*What the task asks*:
Among the lines below, keep only those from the one containing "DraftSight’s Mechanical Toolbox" through the one containing "- Safe & Healthy", and reproduce them exactly.
*** Opening of Data provided ***
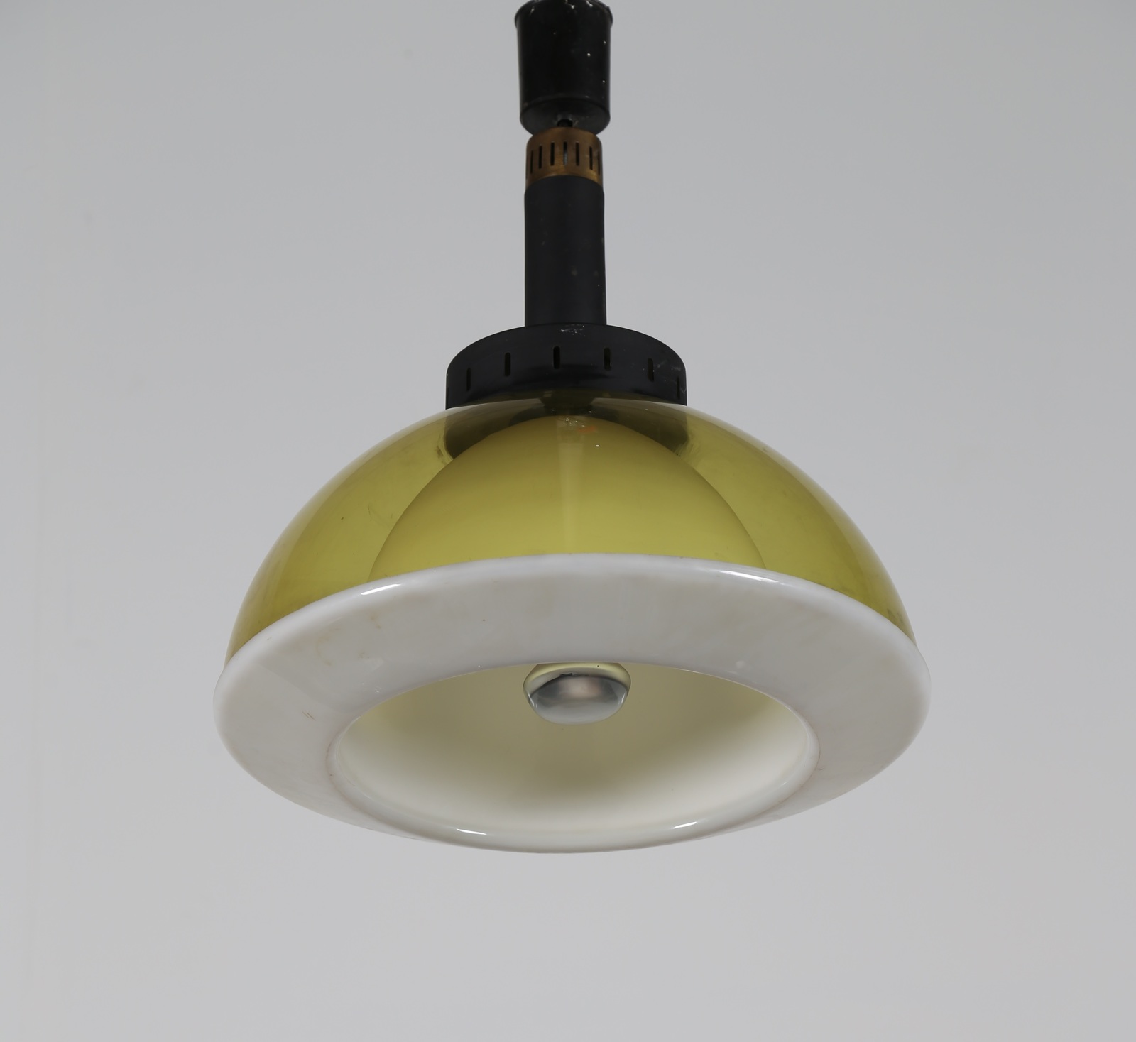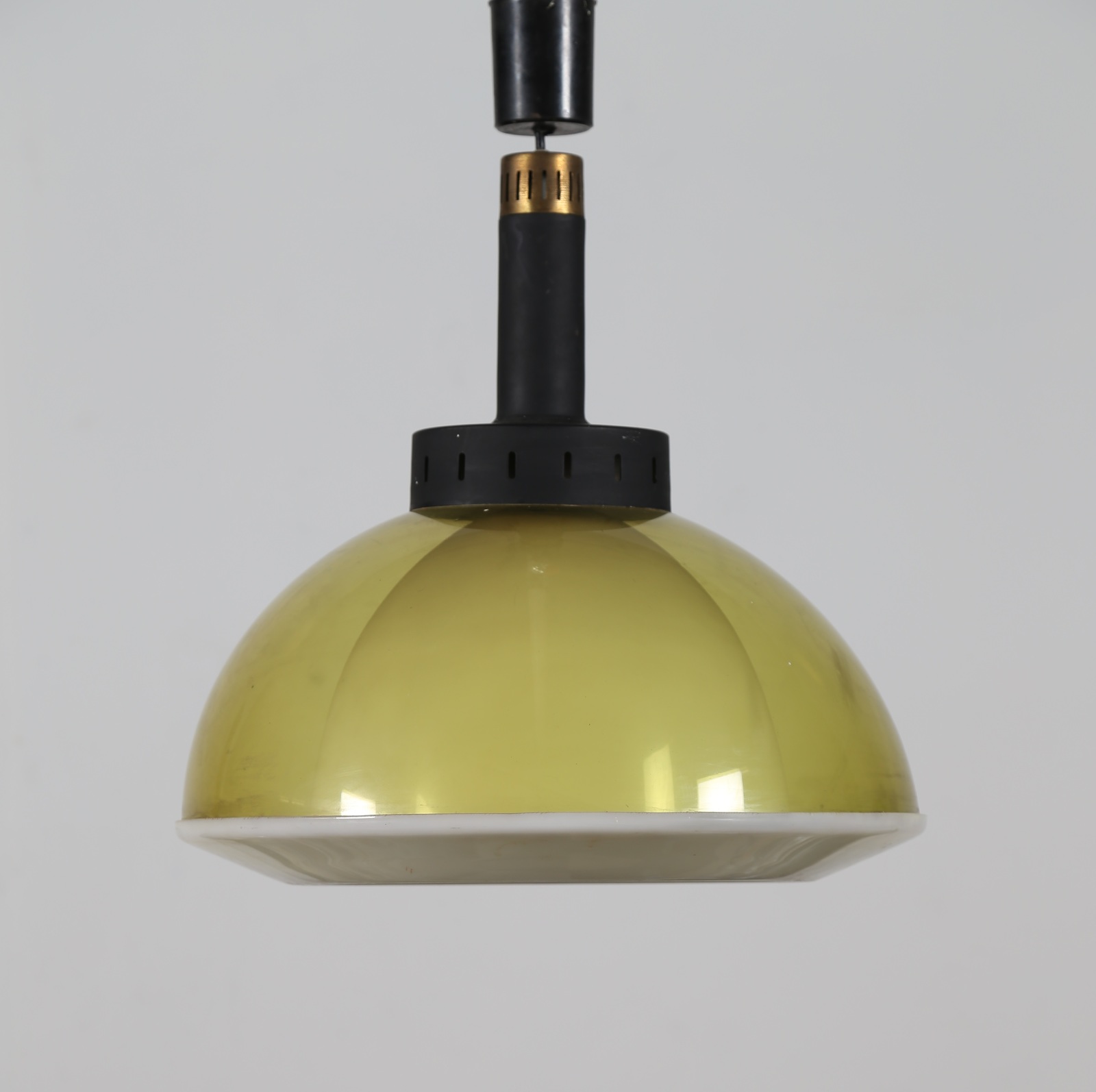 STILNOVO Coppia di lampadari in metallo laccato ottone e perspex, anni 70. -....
*** Close of Data provided ***
*** Opening of Data provided ***
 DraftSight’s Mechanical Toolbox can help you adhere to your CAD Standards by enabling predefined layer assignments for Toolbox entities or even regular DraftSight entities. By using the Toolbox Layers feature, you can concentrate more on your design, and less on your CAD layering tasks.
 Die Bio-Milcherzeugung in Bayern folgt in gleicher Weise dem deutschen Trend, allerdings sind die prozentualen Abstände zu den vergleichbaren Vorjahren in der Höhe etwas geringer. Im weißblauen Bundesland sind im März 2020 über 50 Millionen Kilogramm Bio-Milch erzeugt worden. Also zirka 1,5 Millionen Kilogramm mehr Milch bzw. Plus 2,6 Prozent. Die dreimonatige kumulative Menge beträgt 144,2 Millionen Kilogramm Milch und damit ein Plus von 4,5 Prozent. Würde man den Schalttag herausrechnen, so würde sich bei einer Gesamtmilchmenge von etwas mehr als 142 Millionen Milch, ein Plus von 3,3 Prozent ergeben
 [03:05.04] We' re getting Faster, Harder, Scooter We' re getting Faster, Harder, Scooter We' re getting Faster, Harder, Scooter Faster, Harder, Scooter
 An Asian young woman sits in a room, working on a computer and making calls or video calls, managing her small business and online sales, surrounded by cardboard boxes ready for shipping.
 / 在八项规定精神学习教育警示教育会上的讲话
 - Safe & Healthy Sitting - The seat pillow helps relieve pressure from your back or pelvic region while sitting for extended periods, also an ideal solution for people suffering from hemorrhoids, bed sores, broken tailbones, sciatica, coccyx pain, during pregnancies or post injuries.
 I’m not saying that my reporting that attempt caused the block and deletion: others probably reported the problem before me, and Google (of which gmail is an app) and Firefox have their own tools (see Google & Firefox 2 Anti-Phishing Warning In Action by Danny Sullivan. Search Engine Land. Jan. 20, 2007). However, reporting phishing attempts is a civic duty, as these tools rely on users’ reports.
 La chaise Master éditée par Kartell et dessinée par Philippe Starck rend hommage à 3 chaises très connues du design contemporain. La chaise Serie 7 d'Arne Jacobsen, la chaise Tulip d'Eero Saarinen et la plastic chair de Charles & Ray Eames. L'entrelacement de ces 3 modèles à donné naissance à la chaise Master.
*** Close of Data provided ***
*Written solution*:
 DraftSight’s Mechanical Toolbox can help you adhere to your CAD Standards by enabling predefined layer assignments for Toolbox entities or even regular DraftSight entities. By using the Toolbox Layers feature, you can concentrate more on your design, and less on your CAD layering tasks.
 Die Bio-Milcherzeugung in Bayern folgt in gleicher Weise dem deutschen Trend, allerdings sind die prozentualen Abstände zu den vergleichbaren Vorjahren in der Höhe etwas geringer. Im weißblauen Bundesland sind im März 2020 über 50 Millionen Kilogramm Bio-Milch erzeugt worden. Also zirka 1,5 Millionen Kilogramm mehr Milch bzw. Plus 2,6 Prozent. Die dreimonatige kumulative Menge beträgt 144,2 Millionen Kilogramm Milch und damit ein Plus von 4,5 Prozent. Würde man den Schalttag herausrechnen, so würde sich bei einer Gesamtmilchmenge von etwas mehr als 142 Millionen Milch, ein Plus von 3,3 Prozent ergeben
 [03:05.04] We' re getting Faster, Harder, Scooter We' re getting Faster, Harder, Scooter We' re getting Faster, Harder, Scooter Faster, Harder, Scooter
 An Asian young woman sits in a room, working on a computer and making calls or video calls, managing her small business and online sales, surrounded by cardboard boxes ready for shipping.
 / 在八项规定精神学习教育警示教育会上的讲话
 - Safe & Healthy Sitting - The seat pillow helps relieve pressure from your back or pelvic region while sitting for extended periods, also an ideal solution for people suffering from hemorrhoids, bed sores, broken tailbones, sciatica, coccyx pain, during pregnancies or post injuries.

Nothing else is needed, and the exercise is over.